Aus den neuen Bildern und alten Aufzeichnungen versuchte ich, mir ein Bild zusammenzureimen. Ob dieses imaginäre Bild der Wirklichkeit einigermaßen entsprach, ließ sich in dieser interessanten Zeit nicht feststellen. Jahre später würde ich zum Beispiel noch herausfinden, dass zwei Geologen aus Santiago de Chile vor wenig mehr als zwanzig Jahren beobachtet haben wollen, dass sich im Pazifik – dort, wo in Kalifornien eine Vulkanlandschaft entstanden ist – große Spannungen in der pazifischen tektonischen Platte aufgebaut haben sollten.ii Hierbei handelt es sich um genau die Vulkane, die erneut ausbrachen, als Yellowstone endlich nachließ.

Alles in allem war die Zerstörung aus der Ferne betrachtet aber nicht so schlimm, wie ich mir in meinen schlimmsten Befürchtungen ausgemalt hatte. Das Problem schien mir eher darin zu liegen, dass die betroffenen Menschen falsch und unverhältnismäßig reagierten. In erster Linie wurden die Kommunikationswege und die Landwirtschaft behindert. Das ist natürlich schlimm, die Panik hingegen, die ein möglicher Mangel hervorrief, war viel folgenschwerer als der hypothetische Hunger, den der Mangel hätte verursachen können. Das Horten und Hamstern waren verständliche Reaktionen, aber dessen Wirkung kontraproduktiv. Wieder das Herdenverhalten. Wenn die Straßen unpassierbar sind, ist es sinnlos, das eigene Auto den bereits liegen gebliebenen Blechkolonnen hinzustellen. Insbesondere wenn man kein Benzin hat und nicht weiß, wo man welches besorgen kann. Wenn man mitten in einer mit Asche bedeckten Wüste mit seinem Fahrzeug liegen bleibt, muss man zu Fuß weitergehen. Da wäre man zu Hause nicht schlechter dran, schien mir damals und scheint mir noch heute. Sind die Straßen verstopft, kommen die Versorgungslaster nicht durch. Weder die Tanklastwagen mit dem Benzin noch die mit den Lebensmitteln. Als schließlich die Stromversorgung zusammenbrach, wurde es eng.iii Dabei hielt die Vulkanaktivität nicht lange an, aber es reichte, um die menschliche Routine nachhaltig zu erschüttern.

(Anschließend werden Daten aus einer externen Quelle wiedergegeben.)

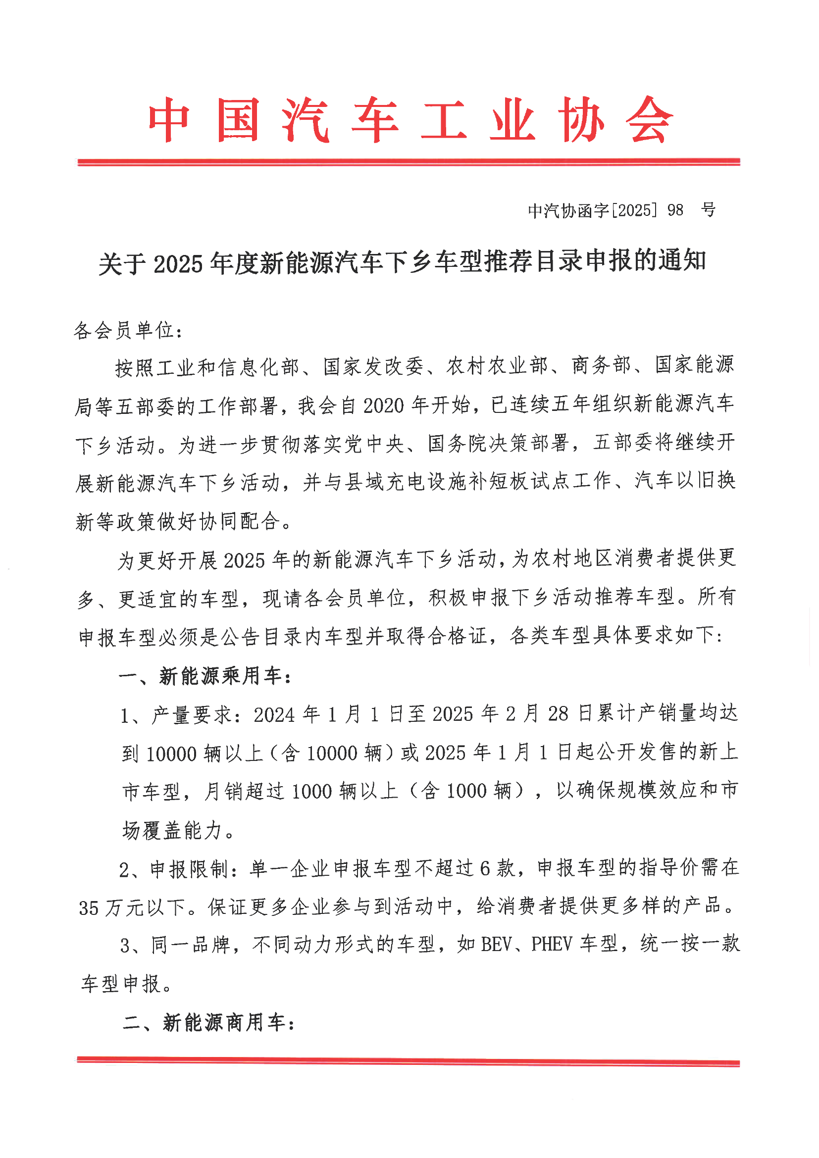 中国汽车工业协会关于转发五部门开展2025年新能源汽车下乡活动的通知

i „Wenn man sich bereits in einem Graben befindet, sollte man mit dem graben aufhören.“
ii Vgl. Valérie Clouard und Muriel Gerbault, in Earth and Planetary Science Letters, Bd.265, S.195, 2008.
iii Vgl., Steven Pinker, “The Stuff Of Thought. Language As A Window Into Human Nature”, Penguin Books, 2007, S. 365: “A rat will also attack another rat if a reward such as food is suddenly withdrawn, presumably an adaptation to the sudden theft of food, space, or other resources by a fellow animal. The underlying brain circuits have been conserved in human evolution. When this pathway is electrically stimulated in neurological patients during brain surgery, they experience a sudden intense rage.”